Agriophara neoxanta

Scientific classification
- Kingdom: Animalia
- Phylum: Arthropoda
- Class: Insecta
- Order: Lepidoptera
- Family: Depressariidae
- Genus: Agriophara
- Species: A. neoxanta
- Binomial name: Agriophara neoxanta Meyrick, 1915

= Agriophara neoxanta =

- Authority: Meyrick, 1915

Species of moth

Agriophara neoxanta is a moth in the family Depressariidae. It was described by Edward Meyrick in 1915. It is found in New Guinea and Australia, where it has been recorded from Queensland.
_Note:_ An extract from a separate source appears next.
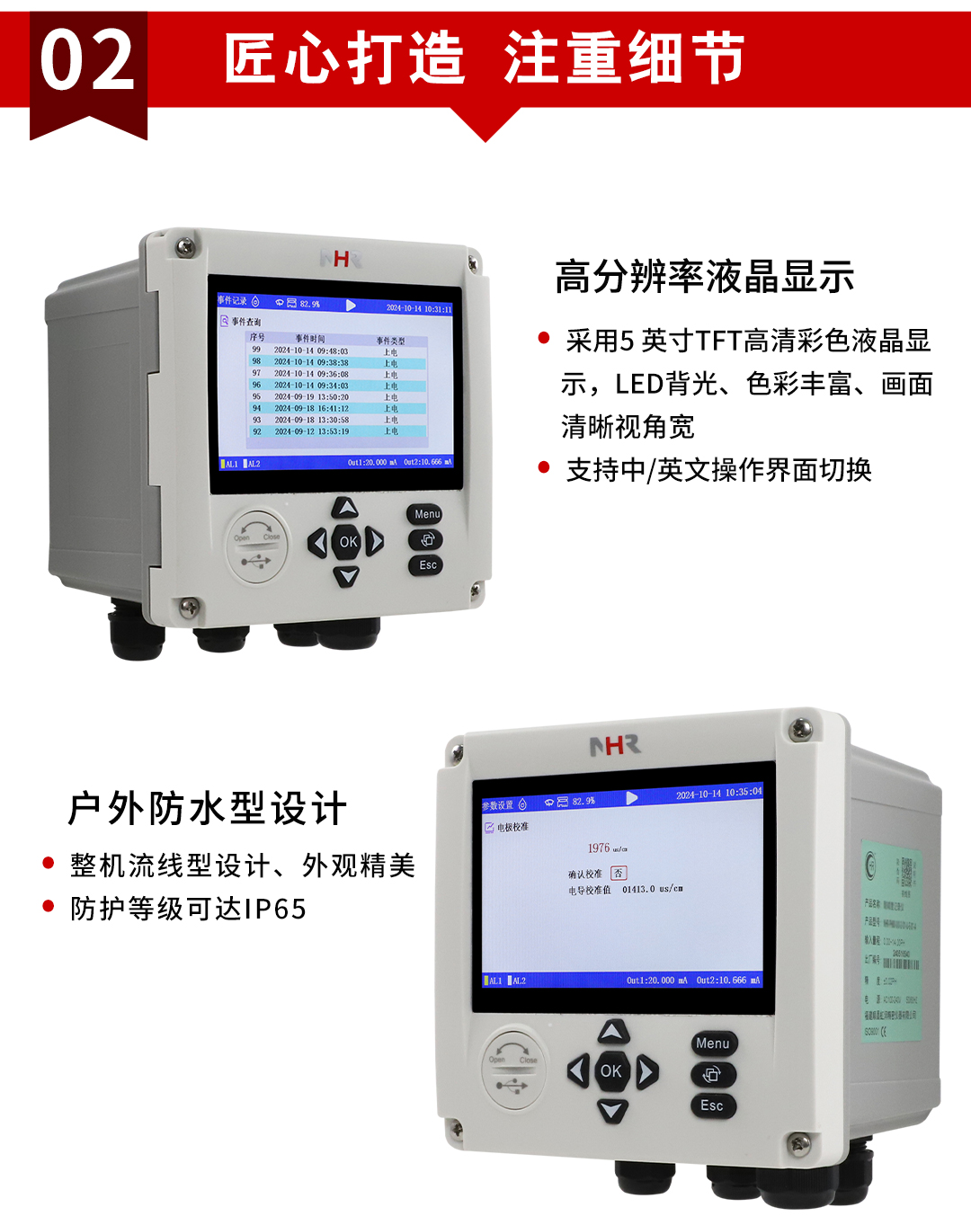 NHR-EC80系列電導率記錄儀是一款在線化學分析記錄控制器,可對工業(yè)用水的電導率/TDS值進行連續(xù)測量和控制。記錄儀具有兩路模擬信號輸出、兩路繼電器報警輸出以及RS485/以太網通訊輸出等功能,方便用戶進行數據傳輸和監(jiān)控。具有強大的顯示功能,包括實時曲線顯示、歷史曲線追憶、事件記錄、報警記錄、文件列表等顯示畫面,使用戶能夠清晰地了解系統(tǒng)運行情況。

The wingspan is about 17 mm for males and 23 mm for females. The forewings are white, with a few scattered fuscous scales and with small dark fuscous spots on the costa at the base, one-fourth, and the middle. The stigmata are raised and dark fuscous, the plical rather obliquely beyond the first discal, an additional dot beneath and somewhat before the second discal and there is an irregular fuscous and dark fuscous spot above the tornus. A curved subterminal series of small cloudy fuscous spots with some dark fuscous scales is found from four-fifths of the costa to the tornus and there is a series of fuscous dots sprinkled with dark fuscous around the posterior part of the costa and termen. The hindwings are pale whitish-grey.